Problem to work on — Starting at the first line of the data, print each line verbatim up to and including the line bearing "OUTDOOR UNIT DIMENSIONS in (mm)", omitting pictures.

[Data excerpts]
>>
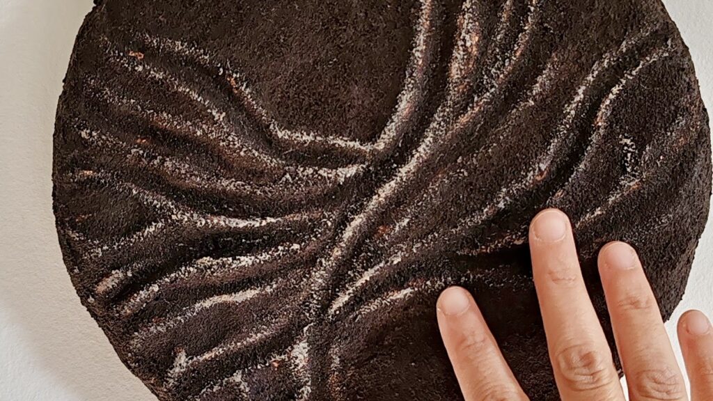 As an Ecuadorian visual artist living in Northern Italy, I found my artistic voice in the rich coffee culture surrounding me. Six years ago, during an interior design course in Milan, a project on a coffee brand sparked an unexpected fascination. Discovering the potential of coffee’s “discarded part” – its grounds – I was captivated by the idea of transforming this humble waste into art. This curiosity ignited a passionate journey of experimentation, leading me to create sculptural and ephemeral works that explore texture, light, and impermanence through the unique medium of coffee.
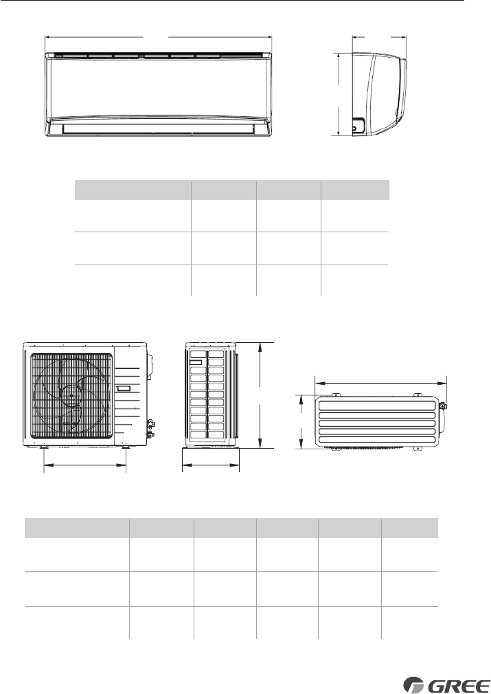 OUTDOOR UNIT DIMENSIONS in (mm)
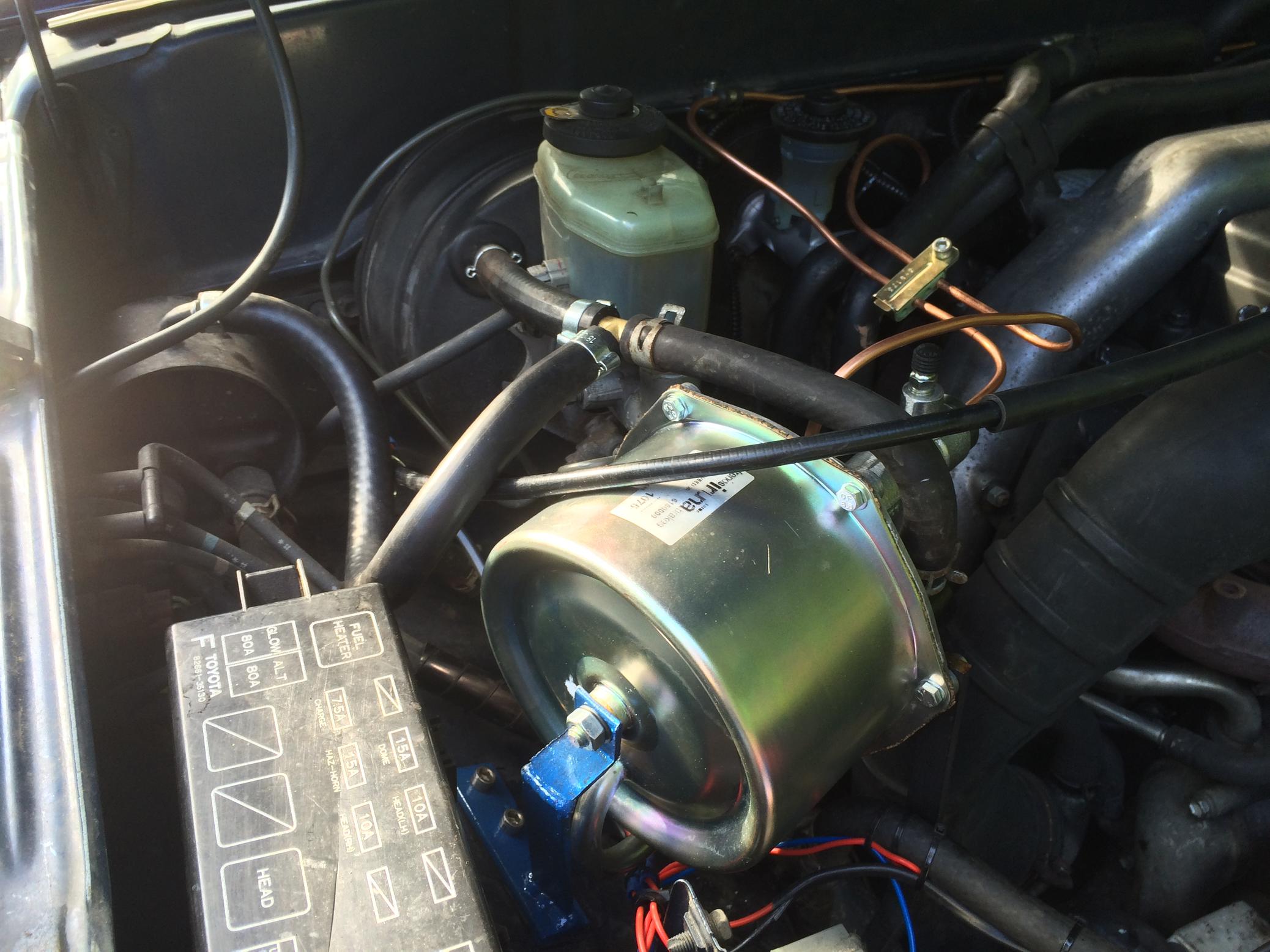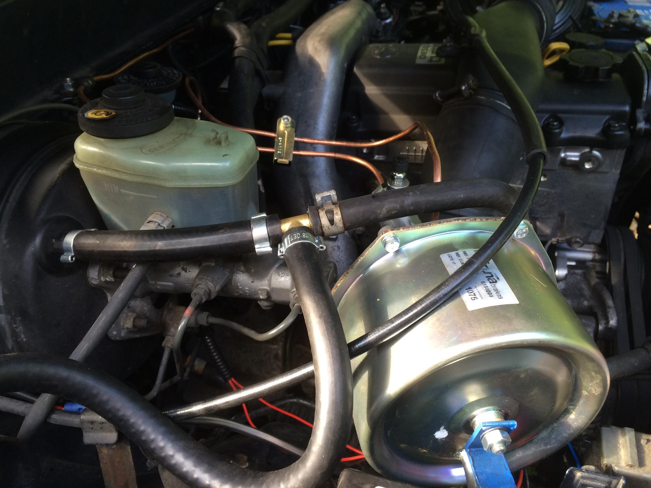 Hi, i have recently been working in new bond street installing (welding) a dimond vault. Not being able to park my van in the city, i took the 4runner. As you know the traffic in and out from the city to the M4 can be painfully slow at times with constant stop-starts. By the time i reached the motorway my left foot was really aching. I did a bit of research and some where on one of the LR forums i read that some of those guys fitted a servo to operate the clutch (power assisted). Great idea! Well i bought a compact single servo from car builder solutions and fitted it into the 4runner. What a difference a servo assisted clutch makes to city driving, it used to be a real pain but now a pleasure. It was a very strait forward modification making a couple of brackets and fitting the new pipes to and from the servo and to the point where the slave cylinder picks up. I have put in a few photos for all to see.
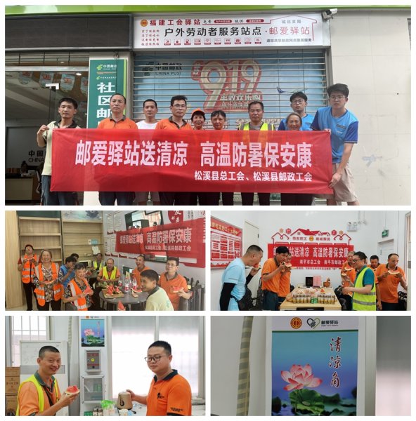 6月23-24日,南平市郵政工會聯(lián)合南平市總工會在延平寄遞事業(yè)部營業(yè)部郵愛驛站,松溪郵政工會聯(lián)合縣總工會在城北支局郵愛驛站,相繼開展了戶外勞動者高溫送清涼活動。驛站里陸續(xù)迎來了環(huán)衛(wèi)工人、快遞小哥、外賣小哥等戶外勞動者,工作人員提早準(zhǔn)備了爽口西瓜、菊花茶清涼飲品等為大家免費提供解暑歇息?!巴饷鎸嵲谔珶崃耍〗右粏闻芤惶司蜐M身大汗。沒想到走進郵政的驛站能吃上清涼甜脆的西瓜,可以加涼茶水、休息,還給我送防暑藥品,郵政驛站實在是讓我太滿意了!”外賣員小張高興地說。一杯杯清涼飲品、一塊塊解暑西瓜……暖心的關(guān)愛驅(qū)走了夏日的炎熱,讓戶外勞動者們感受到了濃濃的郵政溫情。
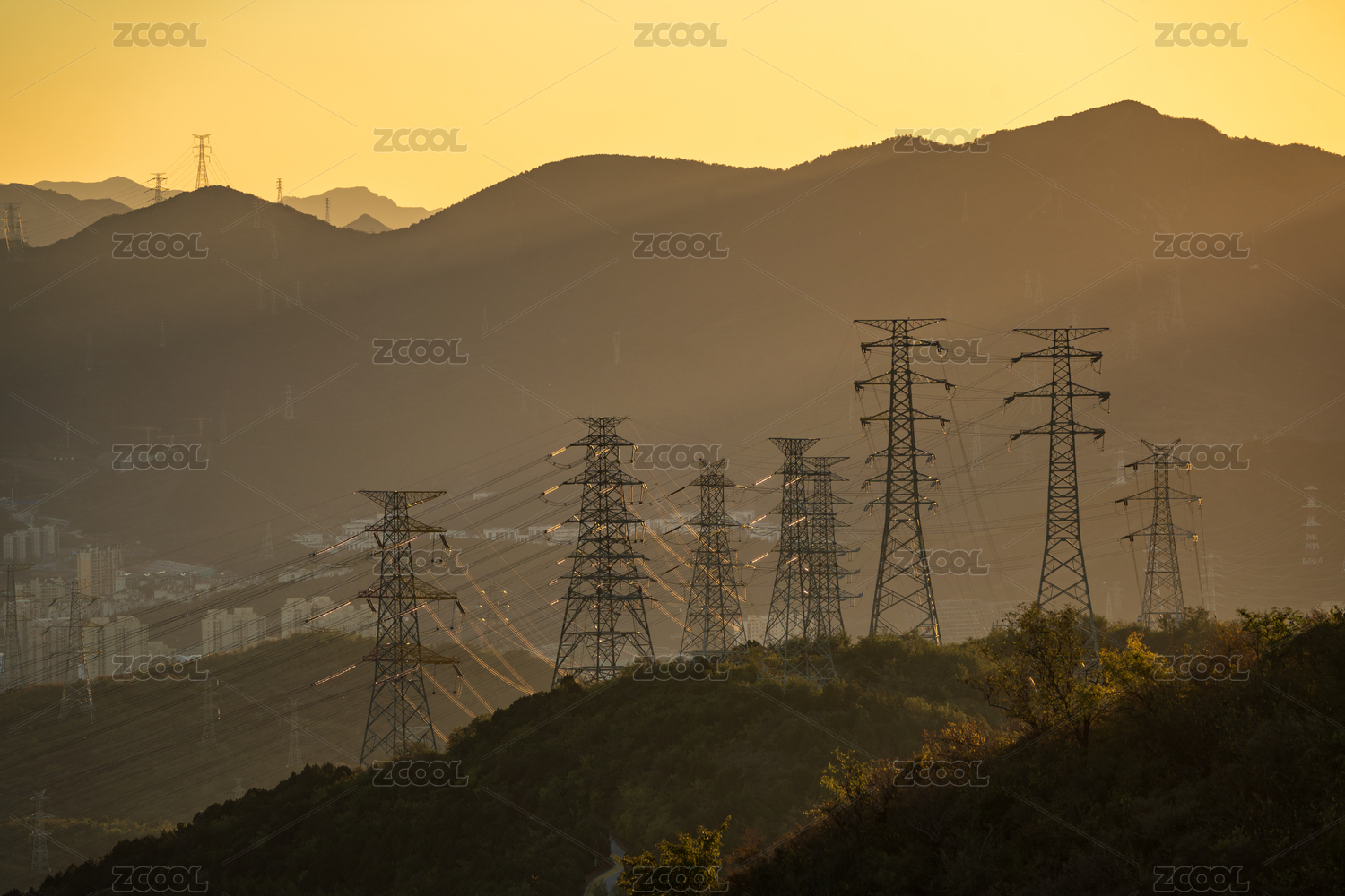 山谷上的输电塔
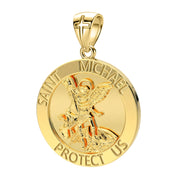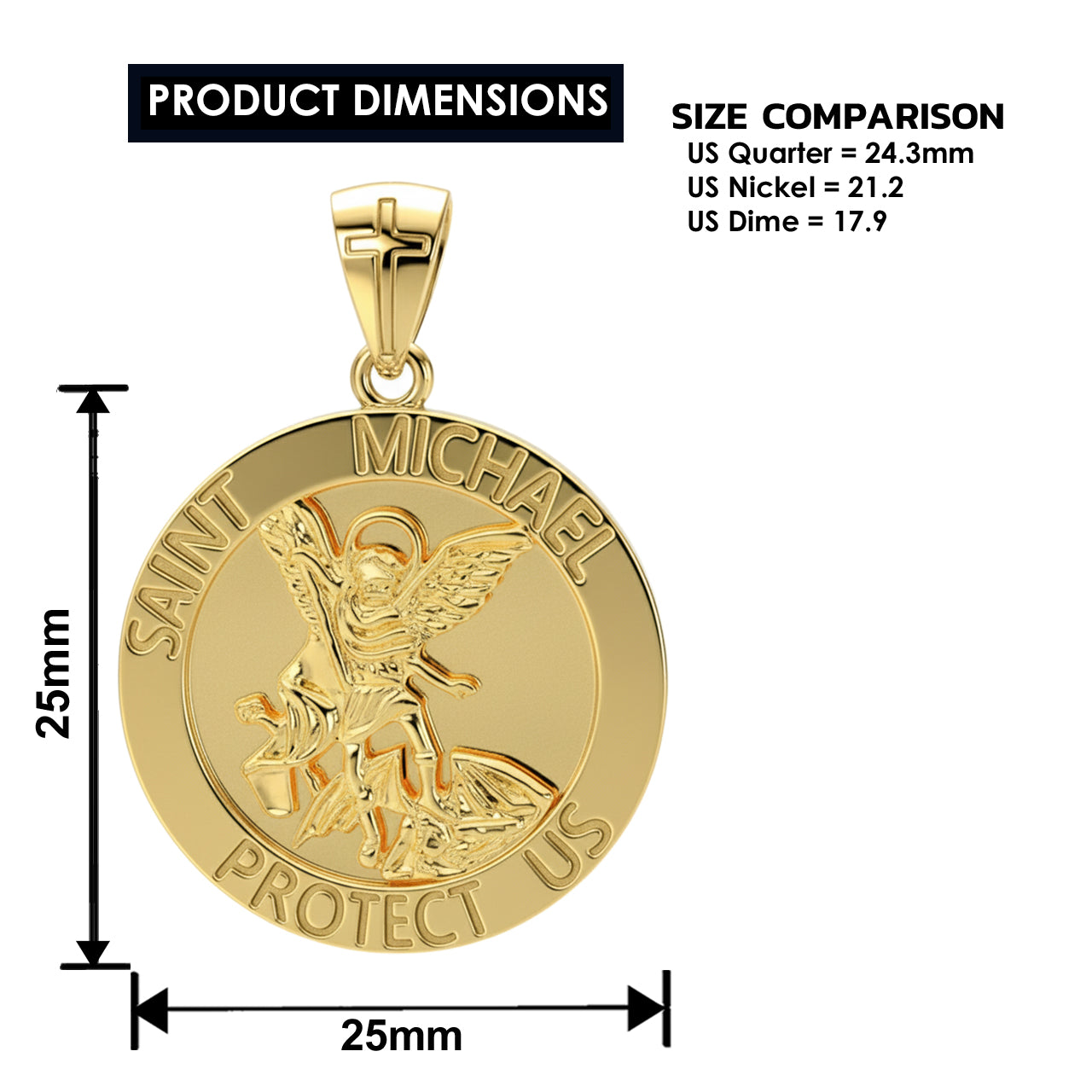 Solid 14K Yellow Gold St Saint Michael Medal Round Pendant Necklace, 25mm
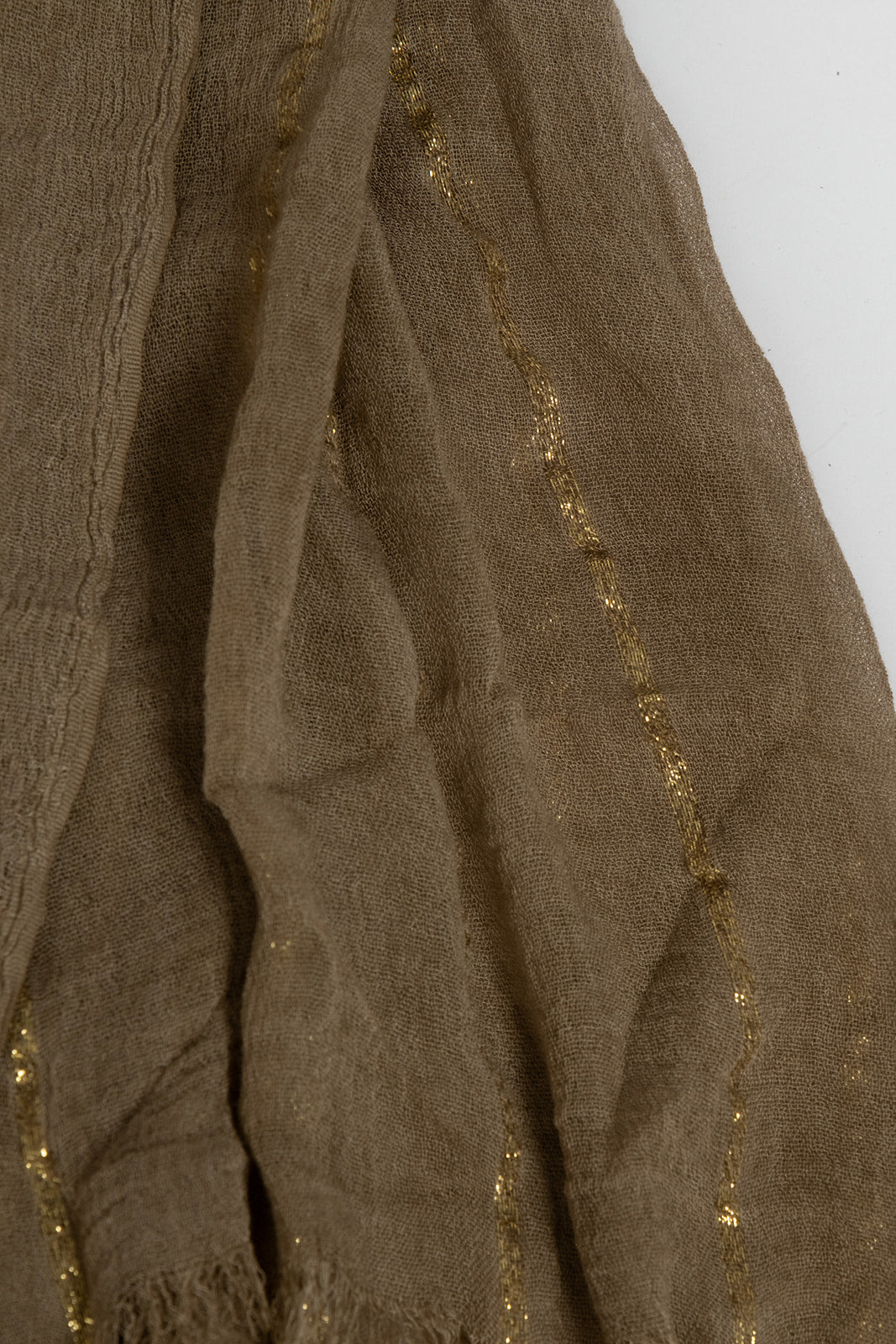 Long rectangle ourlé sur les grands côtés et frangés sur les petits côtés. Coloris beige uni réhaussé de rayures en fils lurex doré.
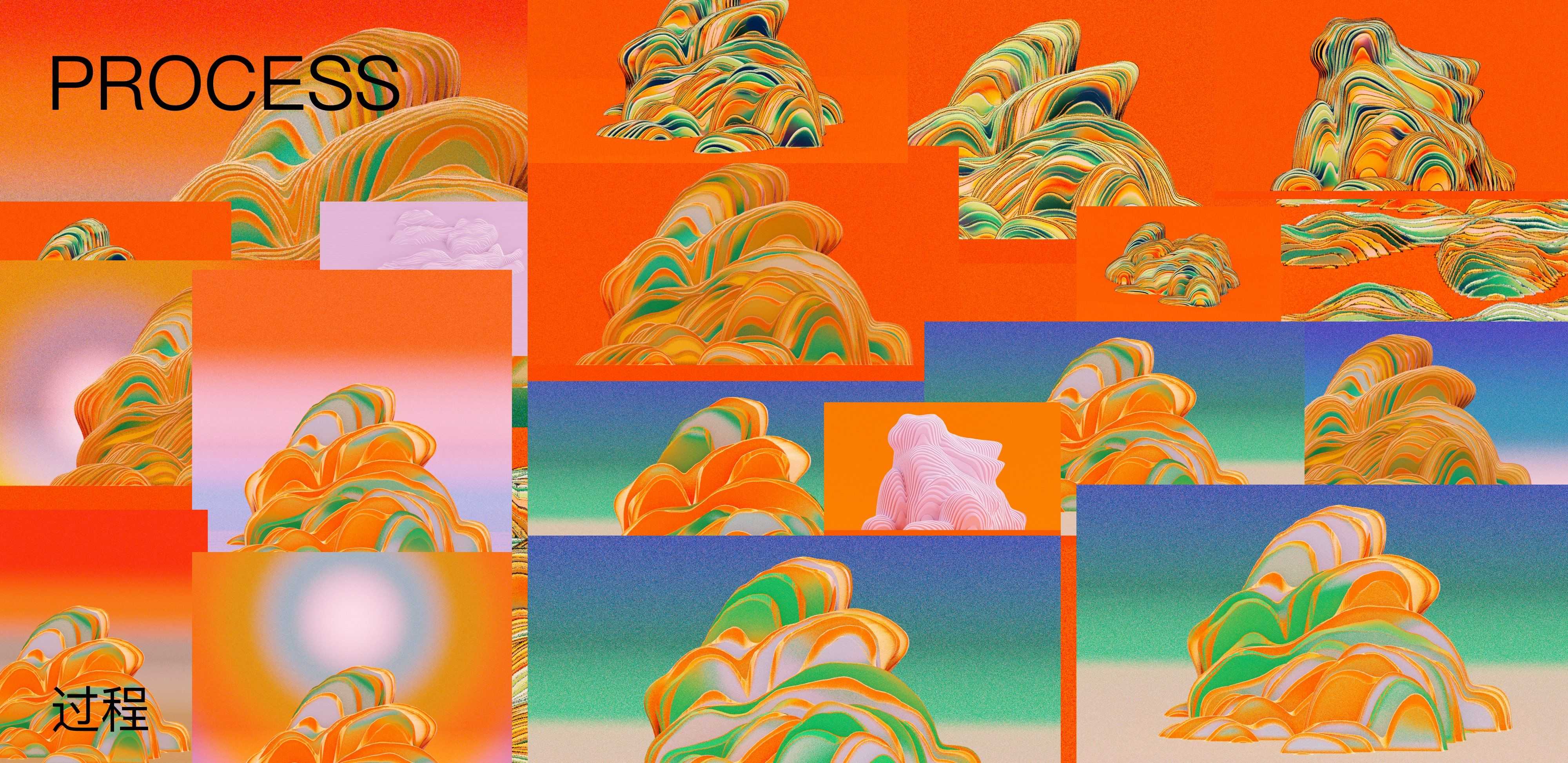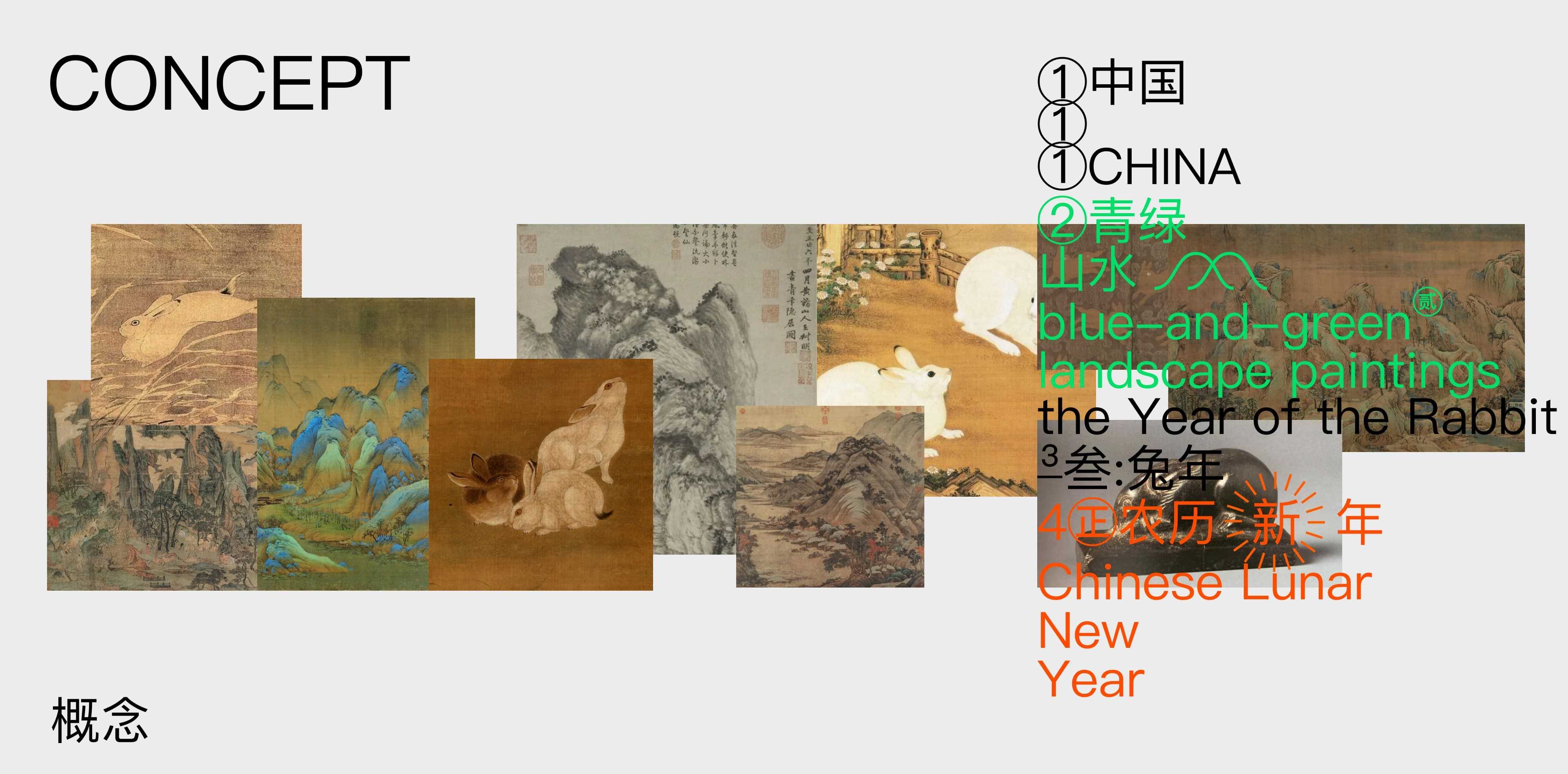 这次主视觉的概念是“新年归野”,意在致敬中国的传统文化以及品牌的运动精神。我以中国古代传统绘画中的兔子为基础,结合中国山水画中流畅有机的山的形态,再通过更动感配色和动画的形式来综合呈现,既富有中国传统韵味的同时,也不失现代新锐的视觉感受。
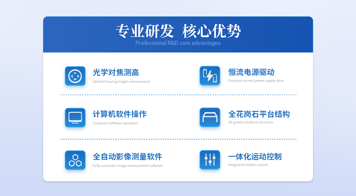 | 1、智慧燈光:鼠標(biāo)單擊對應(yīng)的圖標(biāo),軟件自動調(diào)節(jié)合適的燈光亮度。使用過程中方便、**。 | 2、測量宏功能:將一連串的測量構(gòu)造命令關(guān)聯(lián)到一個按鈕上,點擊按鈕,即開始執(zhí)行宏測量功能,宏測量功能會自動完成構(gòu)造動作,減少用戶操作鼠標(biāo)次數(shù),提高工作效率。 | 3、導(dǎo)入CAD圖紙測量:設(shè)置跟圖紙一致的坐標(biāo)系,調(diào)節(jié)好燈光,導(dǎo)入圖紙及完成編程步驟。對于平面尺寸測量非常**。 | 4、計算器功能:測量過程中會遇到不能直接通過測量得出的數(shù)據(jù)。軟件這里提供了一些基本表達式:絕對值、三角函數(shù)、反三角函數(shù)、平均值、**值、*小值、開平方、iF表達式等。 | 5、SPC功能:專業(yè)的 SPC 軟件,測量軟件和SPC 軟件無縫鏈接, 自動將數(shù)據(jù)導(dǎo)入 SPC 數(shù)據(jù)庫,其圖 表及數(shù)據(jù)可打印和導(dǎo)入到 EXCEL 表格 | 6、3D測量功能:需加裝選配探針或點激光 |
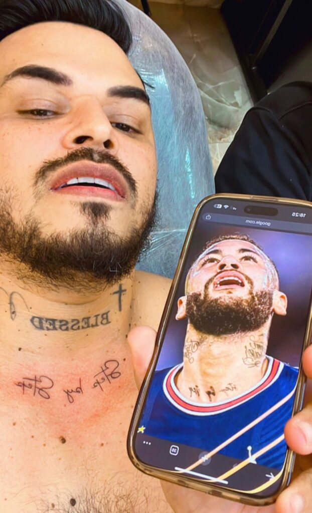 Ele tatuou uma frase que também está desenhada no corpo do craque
<<
Written response —
 As an Ecuadorian visual artist living in Northern Italy, I found my artistic voice in the rich coffee culture surrounding me. Six years ago, during an interior design course in Milan, a project on a coffee brand sparked an unexpected fascination. Discovering the potential of coffee’s “discarded part” – its grounds – I was captivated by the idea of transforming this humble waste into art. This curiosity ignited a passionate journey of experimentation, leading me to create sculptural and ephemeral works that explore texture, light, and impermanence through the unique medium of coffee.
 OUTDOOR UNIT DIMENSIONS in (mm)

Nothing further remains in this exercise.